Only six million first-generation iPhones were produced, and finding one in its original sealed box is extremely rare. Typically selling for tens of thousands of dollars, the highest recorded price for one is $63,000. In a recent YouTube video, Marques Brownlee, who has almost 17 million subscribers, purchased one for $40,000 and opened it for his audience, (potentially making much more than the purchase price in revenue).

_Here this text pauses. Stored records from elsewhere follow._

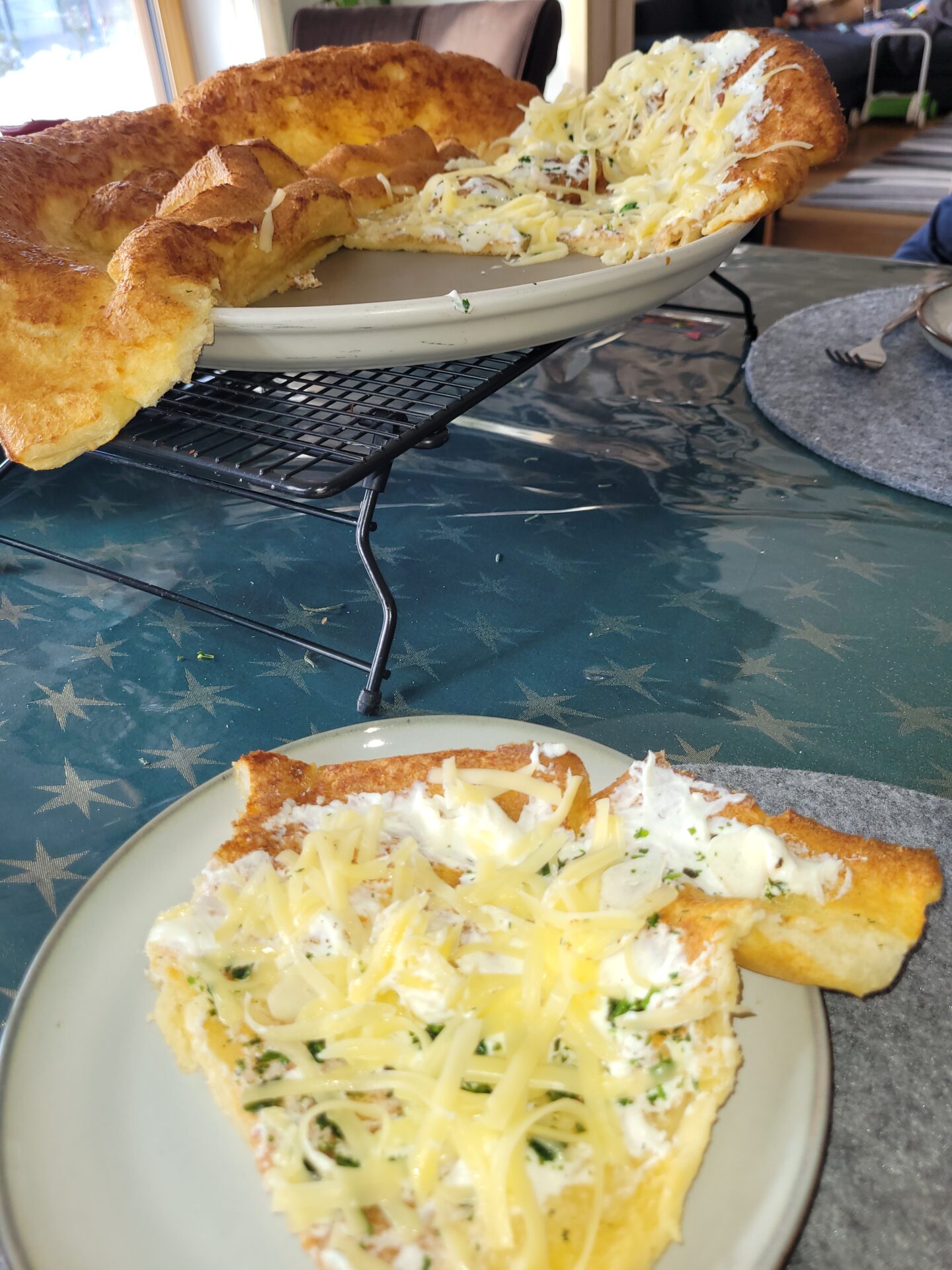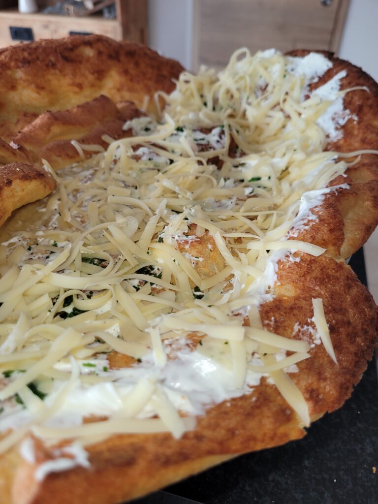 Heißen Ofen-Langosch gleich mit der Creme bestreichen,
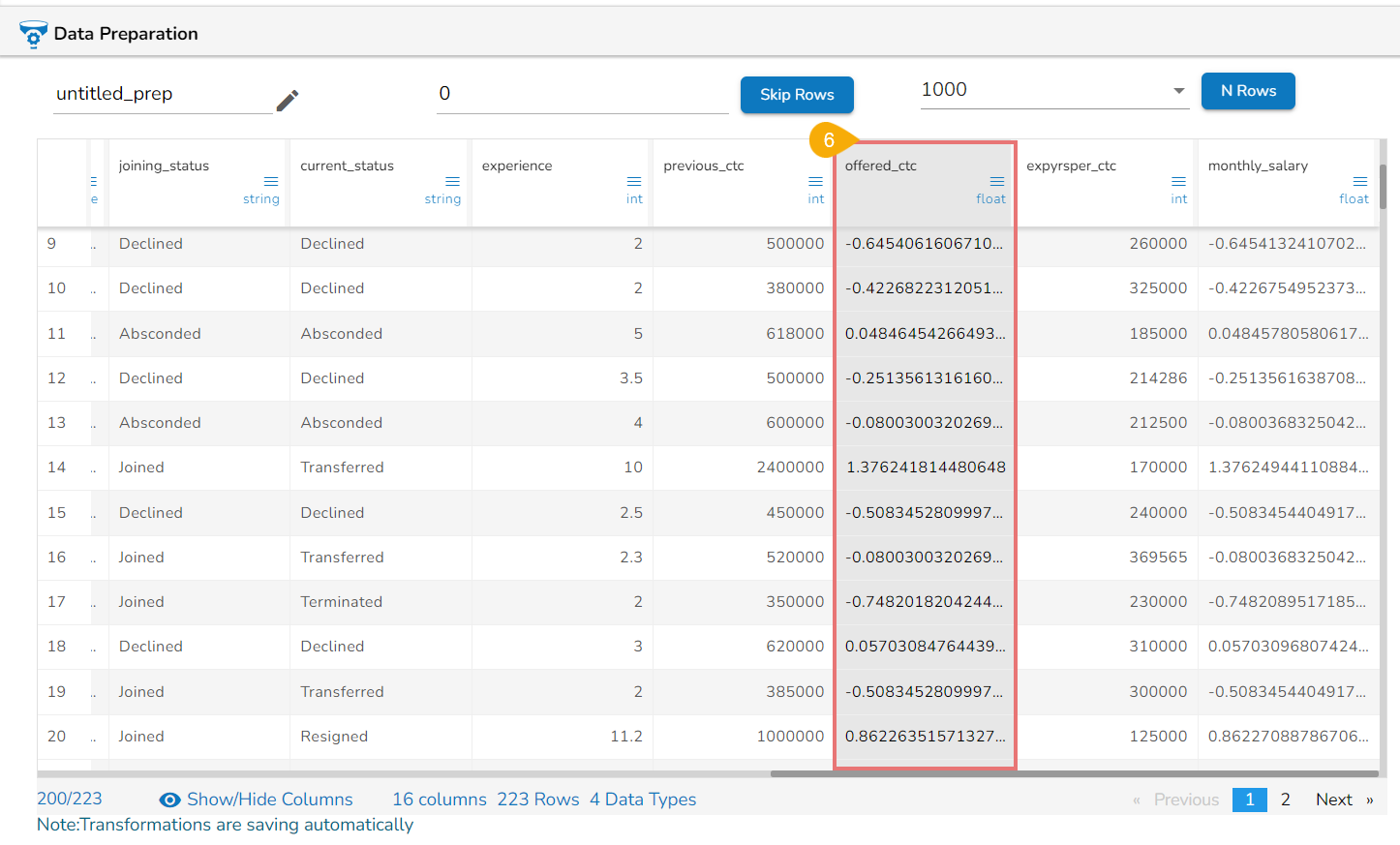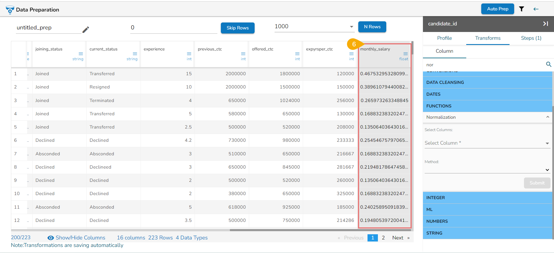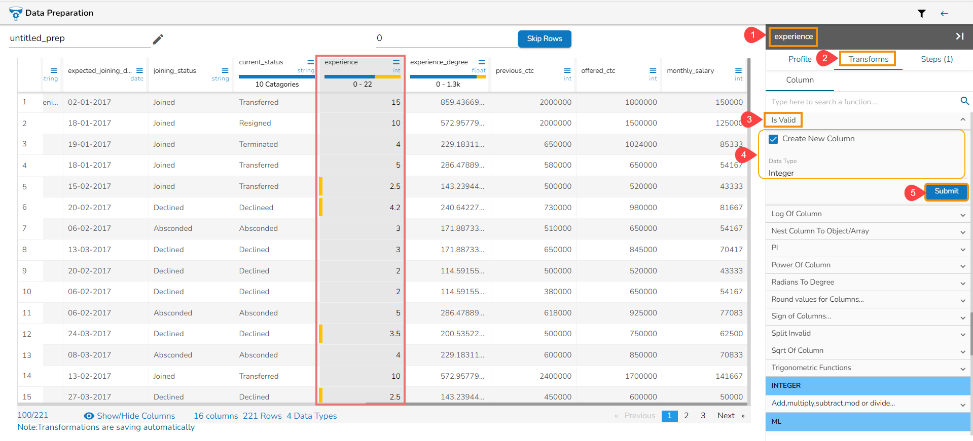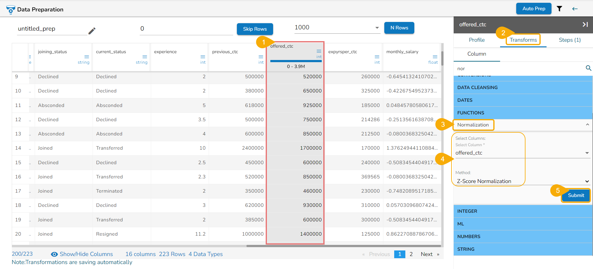 Select one or multiple columns that need to be converted (Use Numerical Columns like int, float, decimal, etc.).
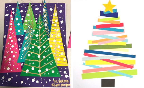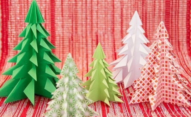 Об'ємні ялинки з кольорового паперу - виріб для дітей
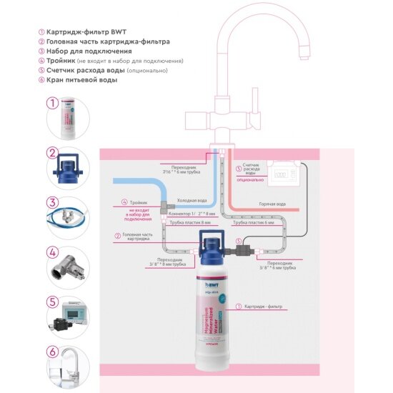 3. Умягчение воды для предотвращения образования накипи + Минерализация и обогащение воды магнием благодаря запатентованной технологии BWT Magnesium Technology для нормализации минерального баланса в воде. Магний является вкусовым и ароматическим носителем, улучшая органолептические свойства любых напитков и еды, приготовленной на такой воде. Также магний полезен для здоровья, помогая укреплять иммунитет
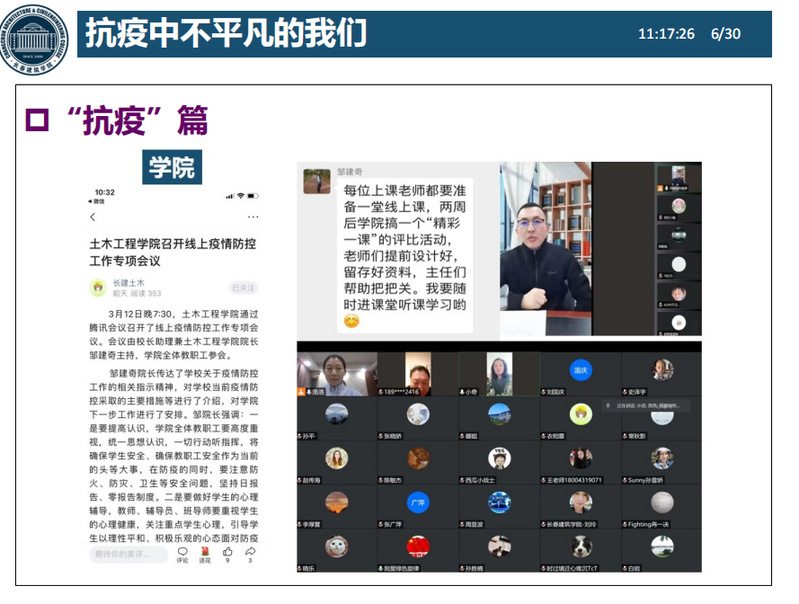 2022年3月21日下午,永利yl结构教研室的陈敏杰老师在《混凝土结构基本原理》线上课程中,以《“抗疫”与“抗力”》为主题,通过逻辑关系分析,思政元素引入,工程案例分享,专业知识拓展,体现“两性一度”的一流水平,为土木2003-2004班同学呈现了精彩的一课。

The auction house provided X-rays of the sealed box's contents to confirm that the phone and accessories were genuine. However, who really knows whether the phone had ever been used. One piece of evidence is that when the phone's serial number was entered on Apple's website, it indicated that the phone had not yet been activated. While this confirms that the phone had never been used, it doesn't prove that the box had never been opened, the phone handled, and then re-shrink wrapped by a dishonest seller. This raises an interesting philosophical question: if no one can tell if a shrink-wrapped iPhone has never been touched before, what's the difference, and why should anyone care? "This is very much a trust exercise," says Brownlee.
The auction house shipped the iPhone to Brownlee in a large wooden crate. In the video, he unscrewed the crate's fasteners and opened a series of insulated boxes, like a Matryoshka doll, until he reached the center and found the prize. One other clue that the phone had never been used was that the shrink wrap appeared old, as expected after 16 years. This doesn't necessarily mean that someone couldn't make new shrink wrap appear old. When Brownlee removed the shrink wrap, he found the contents of the box: the phone, a charging dock, a power brick, a charging cable, and headphones.
As someone who bought the first-generation iPhone on the day it went on sale, seeing the original phone and accessories in their original sealed box brought back a flood of memories and nostalgia.